Sometimes I don’t want to wear the big boy pants. Especially when I’m not feeling so adult, or even competent.
I need to listen more, and to learn not to spread myself so thin. I get caught up in things, enthusiastic, and sometimes will go off without completely understanding what I’m trying to accomplish, or why.
There are times when I miss key details. Because I want to badly to DO GOOD. To be PART OF THINGS.
“Yeah,” you say, “don’t we all?”
Well, yeah. But I’ve been a certified “weird person” all of my life. Couldn’t help it. I’m still a misfit most places. Hell, everywhere.
Certainly there are a lot of folks that feel the same way. And I’ve met some of them, since the internet came into my life. And lots of people are “weirder” than I.
But I didn’t know them, then. I was just alone. School was no challenge at all, so boring that I would get disruptive. I used to actually get sick to my stomach, listening to the droning about stuff that I figured out years before.
Didn’t learn to hide my brains until I was in high school. I was five foot nothing and had the biggest glasses, and for a while, orthopedic shoes.
But I was good at things. People hated that, too. I could hit a ball, and throw a ball, and run real fast.
Used to have to fight my way home from school, when I lived on the South Side with the kids of the firemen and the police and the rest of the middle of the middle class, up from their parents’ blue collar roots.
That didn’t shut me up. I knew they were wrong.
They just couldn’t see things the way I could. Even the teachers were on their side. They’d say so, and send me out into the hall to read a book.
Ooooo, punishment.
Eventually I got tired of getting my ass kicked and then having my mom yell at me about the knee in my new pants.
I ran.
We moved during the white flight, but things didn’t change much for me.
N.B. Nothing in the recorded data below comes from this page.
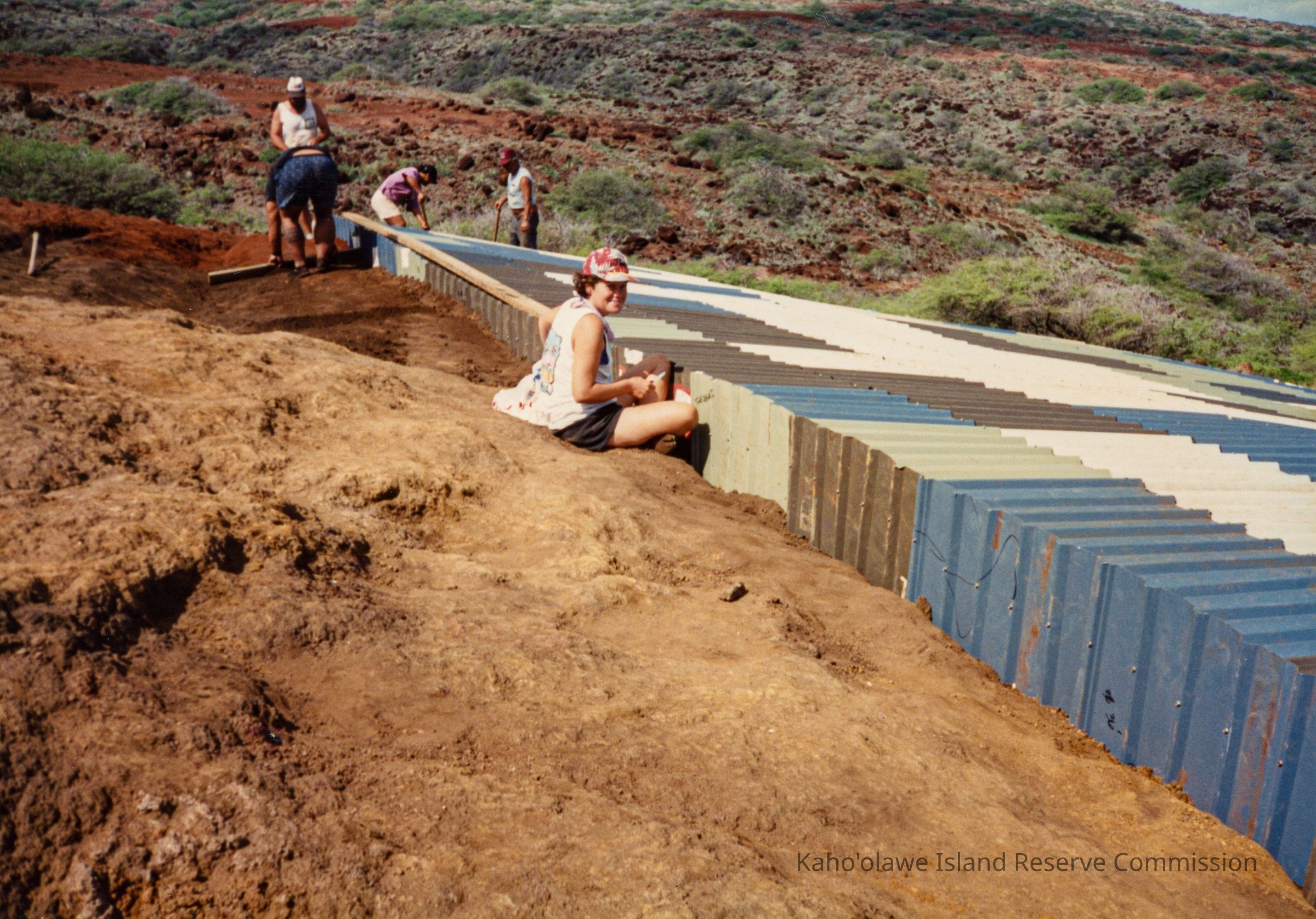 Color photograph of a group of unidentified people working on a water catchment structure situated on hardpan terrain.
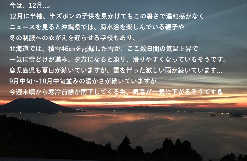 12月に半袖、半ズボンの子供を見かけてもこの暑さで違和感がなく ニュースを見ると沖縄県では、 海水浴を楽しんでいる親子や
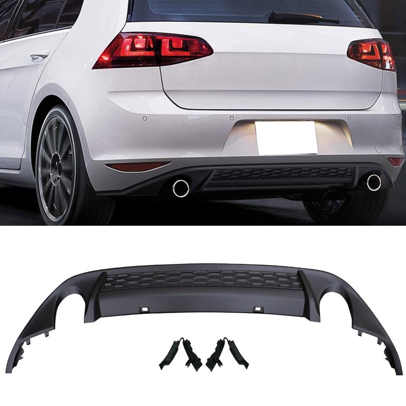 Rear Diffuser Compatible with 2015-2017 Volkswagen VW Golf 7, MK7 Rear Bumper Lip Diffuser Single Muffler Twin Outlet by IKON MOTORSPORTS, 2016
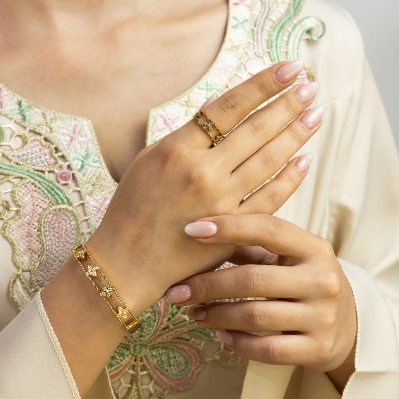 زيني معصمك وإصبعك بهذا الطقم الرائع من الأساور والخواتم، المطلي بالذهب أو الروديوم أو الذهب الوردي حسب اختيارك. هذا الطقم الرائع هو الإكسسوار المثالي لإضافة لمسة من الفخامة والأناقة إلى أي زي. سواء كنتِ تتأنقين لمناسبة خاصة أو ببساطة تضيفين لمسة من السحر إلى مظهرك اليومي، فإن هذا الطقم من الأساور والخواتم سيحقق بالتأكيد هدفك.

School was still boring. There was no real incentive to do well.
Disruption. Misbehavior.
A couple of times, I had half a busful of kids chasing me home.
Outside, I was crying, and sweating to get away.
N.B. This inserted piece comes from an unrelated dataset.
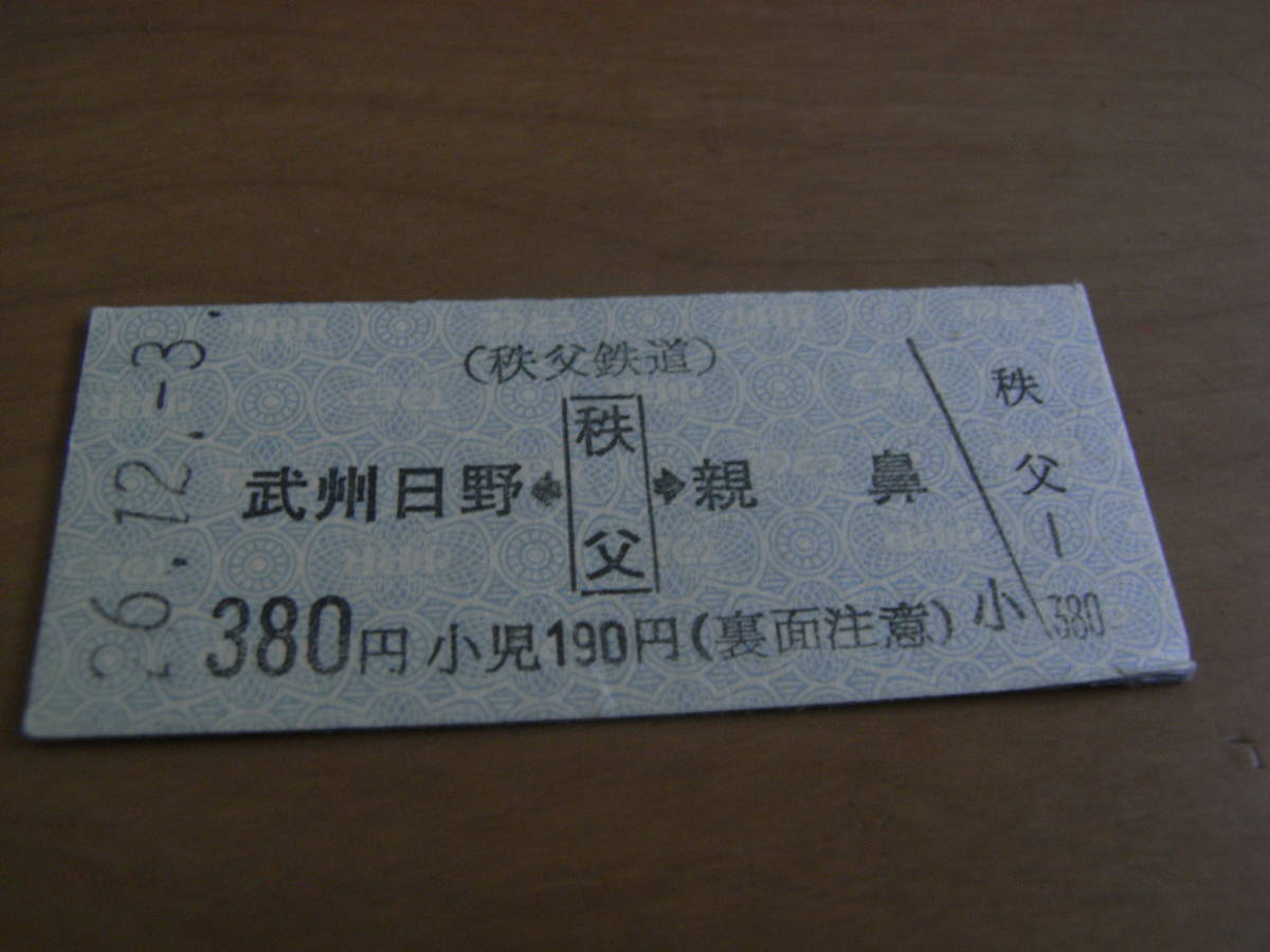 - 秩父鉄道 武州日野←秩父→親鼻 380円 平成26年12月3日 秩父駅発行

Inside, I was laughing my ass off.
Eventually, as said above, I grew out of that, and would only exhibit braniac tendencies in school papers. I was never real good at showing up for class. Passed a lot of them because of private meetings with the teachers and principals. It was clear I could do the work. I just “didn’t apply myself.”
There was no reason to. I was planning on joining the Air Force, like my dad did. Never told anyone, just planned on it.
I grew a foot or so between my first and third years. That helped some. Being little can be paralyzing. You know that, no matter what you do, you’re not strong enough, it’s not gonna hurt enough, to get you out of trouble.
I have this socially maladjusted grand-daughter. She’s going through a lot of the same stuff, feeling the same way. The difference is that she isn’t book-smart, or street-smart.
But she thinks she’s right, too.
I feel for her. I understand. But if she doesn’t want to listen, doesn’t want to change, I can’t help her.
Her problem, with me as with everyone else, is that she doesn’t observe social niceties. She’s completely self-absorbed, mean and spiteful or babbling a mile a minute, complete nonsense. No middle ground.
Doesn’t turn on the nice until after she has to.
Not the same problem, but parallel.
I think I communicate better with her than her other adult caregivers, but I don’t mince words. I won’t sugarcoat truths.
She lies like a rug. I did that for many years. I learned how to control that imagination, how to make it work for me. She doesn’t care. She has little sense of ethics.
The big problem for me is, all of the other kids in her age group seem the same way. Self-gratification is the only thing.
I fear the future that they’re not planning for.